We might pride ourselves on our incipient democratic institutions, a free and vibrant press and an independent judiciary, but according to the model devised by Freedom House, barring Afghanistan, Pakistan fares the worst in the region. The 2009 freedom status bases itself of categories of "not free," "partly free," or "free," with 1 representing the most free and 7 the least in terms of political rights and civil liberties.

According to this criterion, India, Sri Lanka, Bangladesh are declared as electoral democracies while Pakistan is not even considered an elected democracy. In the categories of political rights and civil liberties India scores 2 and 3, respectively. Pakistan gets a rating of "partly free" with a score of 4 and 5, in the same categories.

Giving reasons for Pakistan being rated poorly, the report states that the country has remained mired in official corruption and extremist violence. However, it notes as positive signs "initial reforms of the tribal areas and the peaceful resolution of the judicial crisis, including the reinstatement of the chief justice if the Supreme Court and restoration of a large measure of judicial independence." 

The common thread among the surveys conducted by the prestigious institutions is that none of them have little to about Pakistan that is positive. But is the situation is really so bad, or is it being portrayed as such? 

Few will disagree that the country is a chronic case of poor governance. Successive governments have refused, or are unable, to do anything about this. Apologists for military regimes, especially those who collude with them, argue that military strongmen are better than civilian rulers in governance. But they ignore that it is the military, by virtue of its repeated interventions, which is responsible for the destruction of most institutions of the Pakistani state. 

Endemic corruption and lack of transparency in governance has been cited in all the surveys for Pakistan's poor standing. The present government has been singled out for criticism on this count. Tales of corruption, misuse of power, squandering of public funds for personal or political gains, and cronyism and nepotism adorn the columns of newspapers and dominate the airwaves virtually everyday.

Despite the fact that various parliamentary committees and the superior courts are increasingly asserting themselves and taking note of these shenanigans of the powerful, the trend produces little effect in practical terms. The present government has completed half of its tenure. Yet, not a single minister or government functionary has been shown the door on charges of corruption or misuse of power.

The other day, Prime Minister Yusuf Raza Gilani complained to the US president's special envoy for Pakistan and Afghanistan, Richard Holbrooke, that world "inaction" was accentuating Pakistan's financial crisis and extremist elements were taking advantage of the delay in delivery of assistance to Islamabad. Holbrooke assured the prime minister that Washington would do everything to expedite assistance for its ally, and play its role in the forthcoming Friends of Democratic Pakistan meeting.

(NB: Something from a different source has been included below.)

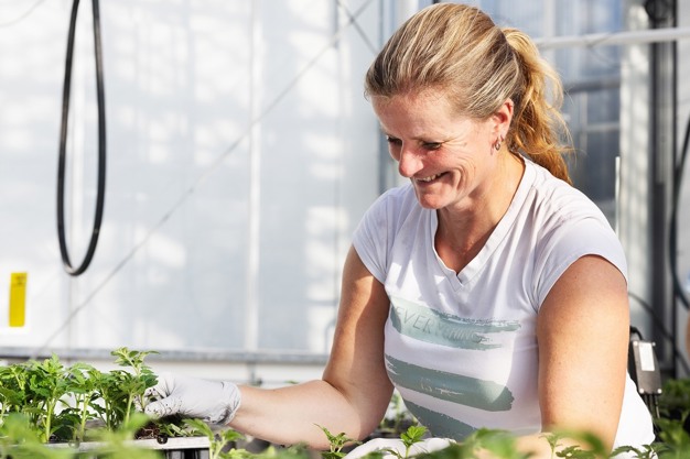 Monique Bijlaard van de WUR bij het verpotten van de tomatenplanten, in aanloop naar de teeltwedstrijd. Donderdagmiddag vertelde Monique namens de referentietelers veel lol te hebben gehad bij het zien van de planten uit de kas. Die waren niet allemaal even fraai, en soms vielen ze, topzwaar als ze waren, ook om. "Aan de planten kon je goed zien wat er in de kas gebeurde."

However, unless Islamabad gets its act together by fulfilling the US agenda in the region, as well as bringing a modicum of transparency in its financial dealings, funds will remain hard to come by. Hence, Pakistan's merely going around with a begging bowl for more assistance will not produce improvement in our economic situation.

Bold and structural changes in our economic policies are the need of the hour. Not only do we have to get out of the vicious circle of debt, we also have to spend a greater part of our GDP on improving indicators like health, education and other areas of social development. Increases in the defence budget alone cannot solve the problem of extremism. Alleviating poverty by improving the economy and drastically increasing social spending can deal with the problem in the long run.

President Zardari, speaking on the occasion of the 57th birth anniversary of Shaheed Benazir Bhutto, correctly enumerated the achievements of his government for strengthening democracy. These included the passage of the 18th Amendment for the restoration of the supremacy of parliament, the NFC Award, the Balochistan Package and the renaming of NWFP to Khyber Pakhtunkhwa. He also vowed to defeat real or perceived conspiracies against democracy. 

He can rightly claim that in a relative sense democratic culture has flourished on his watch. There are no political prisoners in the country, the media is free and assertive, the judiciary is fearlessly independent and, despite periodic shouting matches between them, politicians by and large are practising consensual politics. The biggest saving grace is that the military has studiously kept itself out of politics.

Despite these pluses, why is it that the world sees Pakistan as "the most dangerous place" and as a failed state? Over the years our optics have become so bad that labels like "failed state" no longer seem to bother us. Pakistan got this label in the late nineties, during Nawaz Sharif's tenure as prime minister. He correctly retorted that perhaps there could be some truth to the charge in the previous few decades but this was no longer so. Perhaps Nawaz Sharif failed to perceive that the rot had already started. 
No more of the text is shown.